In considering the regulatory mechanism of imprinted gene expression, we have proposed ‘the complementary hypothesis’ (Kaneko-Ishino et al. 2003, 2006; Kaneko-Ishino and Ishino 2015), in which the monoallelic expression mechanism emerged as an evolutionary trade-off for survival. Usually, each imprinted region comprises both PEGs and MEGs and their reciprocal expression is regulated by the DNA methylation status of each differentially methylated region (DMR; also known as an imprinting control region (ICR); Fig. 1). The imprinted regions are divided into two groups, namely paternally and maternally imprinted regions, with DNA methylation in the paternal and maternal alleles respectively. The DMR sequences seem to function as cis-regulatory units, such as acting as an insulator (IGF2–H19, imprinted maternal expressed transcript (H19) region; Bell and Felsenfeld 2000; Hark et al. 2000) or transcriptional start site of antisense RNA (antisense of IGF2R non-protein coding RNA (AIRN) in the IGF2R region; Sleutels et al. 2002; Latos et al. 2012; Fig. 2). This is the mechanism by which the methylated DMR sequence not only represses certain imprinted genes, but also induces expression of other imprinted genes over a substantially wide imprinted region, sometimes up to 500 Mb. In the maternally imprinted regions, DMR DNA methylation represses PEGs but induces MEGs. Conversely, DMR DNA methylation in paternally imprinted regions represses MEGs while inducing PEGs (Figs 1, 2). Thus, it is clear that PEGs and MEGs cannot be expressed from the individual parental chromosomes simultaneously; that is, two chromosomes of different DNA methylation status (i.e. two different epigenotypes) are necessary for the simultaneous expression of PEGs and MEGs in somatic cells.

Fig. 1.  Reciprocal monoallelic expression of paternally and maternally expressed genes (PEGs and MEGs respectively). In both paternally or maternally imprinted regions, PEGs and MEGs exhibit reciprocal monoallelic expression. The DNA methylation status of differentially methylated regions (DMRs) is indicated by the black (methylated) and white (non-methylated) circles.

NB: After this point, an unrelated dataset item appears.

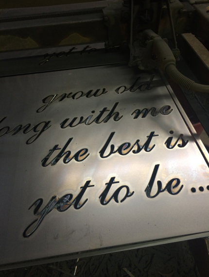 Ben was enthralled by his super duty CNC machine that was on full tilt cutting the millionth batch of ‘grow old along with me’ signs that folks saw on the season 2 premier of Fixer and CANNOT get enough of.

Fig. 2.  The differentially methylated region (DMR) acting as an imprinting regulator: an insulator model. In this case of a paternally imprinted region, the paternal DMR is fully methylated whereas the maternal DMR is not methylated. The DNA methylation status of the DMR regulates reciprocal monoallelic expression of paternally and maternally expressed genes (PEGs and MEGs respectively). Importantly, expression of PEGs requires DNA methylation of the DMR. CTCF, CCCTC-Binding Factor. They are model examples of one MEG and two PEG genes, numbered X, Y, Z.

Using somatic cloning techniques, cloned embryos generated from the nuclei of primordial germ cells on embryonic Day 12 represent the default state of genomic imprinting; that is, both parental alleles lose all DMR DNA methylation and thus have the same status. Importantly, they exhibit early embryonic lethality like parthenogenetic and androgenetic embryos, supporting the concept that two different parental epigenotypes are essential for development (Lee et al. 2002). Under this condition, only PEGs are expressed from the maternally imprinted regions and only MEGs are expressed from the paternally imprinted regions, so they lack expression of several essential imprinted genes (Fig. 3).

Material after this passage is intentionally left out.